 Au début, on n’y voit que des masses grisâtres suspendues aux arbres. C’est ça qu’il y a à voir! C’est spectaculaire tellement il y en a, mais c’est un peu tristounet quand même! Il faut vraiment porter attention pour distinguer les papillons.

---

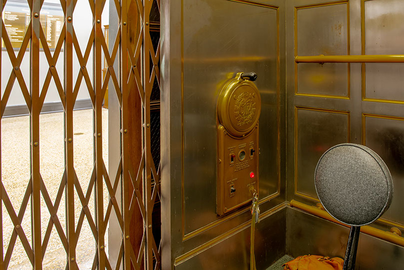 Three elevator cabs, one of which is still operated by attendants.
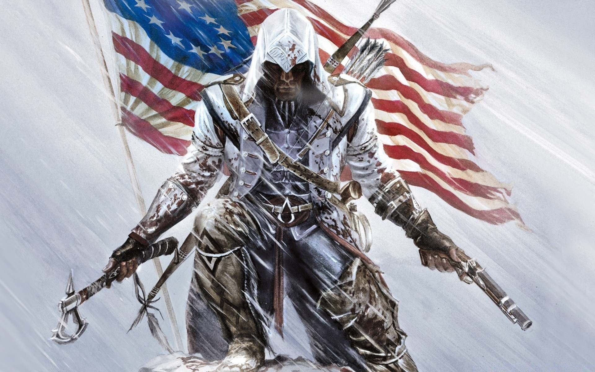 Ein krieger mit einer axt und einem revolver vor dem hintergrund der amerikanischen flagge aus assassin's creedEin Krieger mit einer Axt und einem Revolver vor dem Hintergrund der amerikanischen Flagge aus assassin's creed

...

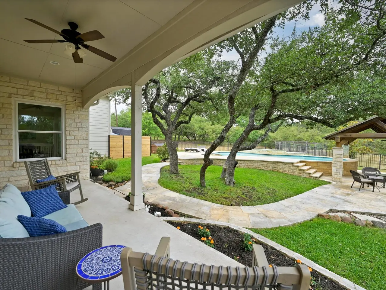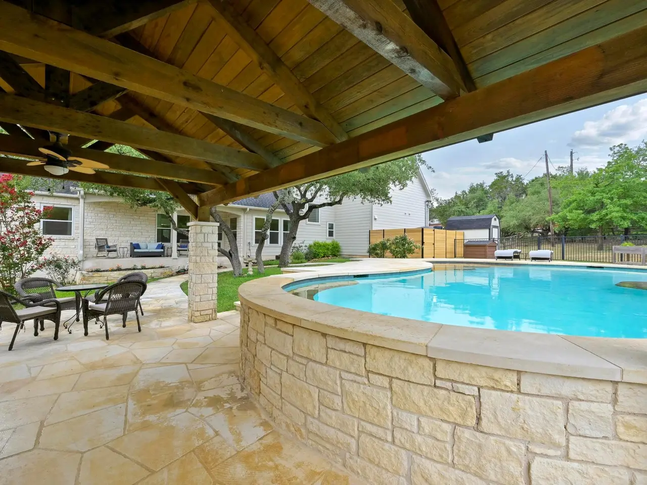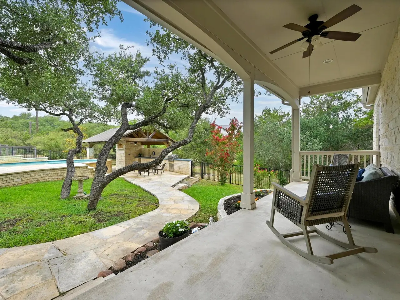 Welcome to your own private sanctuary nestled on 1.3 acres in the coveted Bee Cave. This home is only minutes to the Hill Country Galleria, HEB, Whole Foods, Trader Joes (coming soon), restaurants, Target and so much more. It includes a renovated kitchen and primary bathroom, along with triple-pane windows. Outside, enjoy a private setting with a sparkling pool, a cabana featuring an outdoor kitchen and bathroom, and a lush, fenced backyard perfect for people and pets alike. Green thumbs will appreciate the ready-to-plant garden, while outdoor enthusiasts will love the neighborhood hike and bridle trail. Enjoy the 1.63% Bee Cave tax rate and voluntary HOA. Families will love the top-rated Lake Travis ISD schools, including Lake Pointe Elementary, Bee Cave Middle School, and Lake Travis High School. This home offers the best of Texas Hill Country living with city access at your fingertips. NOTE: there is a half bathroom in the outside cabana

# Your goal
Once the line with "Three elevator cabs, one" is found above, print it and every line after it through the line with "aus assassin's creedEin", exactly. Pictures stay out.

# Task response
 Three elevator cabs, one of which is still operated by attendants.
 Ein krieger mit einer axt und einem revolver vor dem hintergrund der amerikanischen flagge aus assassin's creedEin Krieger mit einer Axt und einem Revolver vor dem Hintergrund der amerikanischen Flagge aus assassin's creed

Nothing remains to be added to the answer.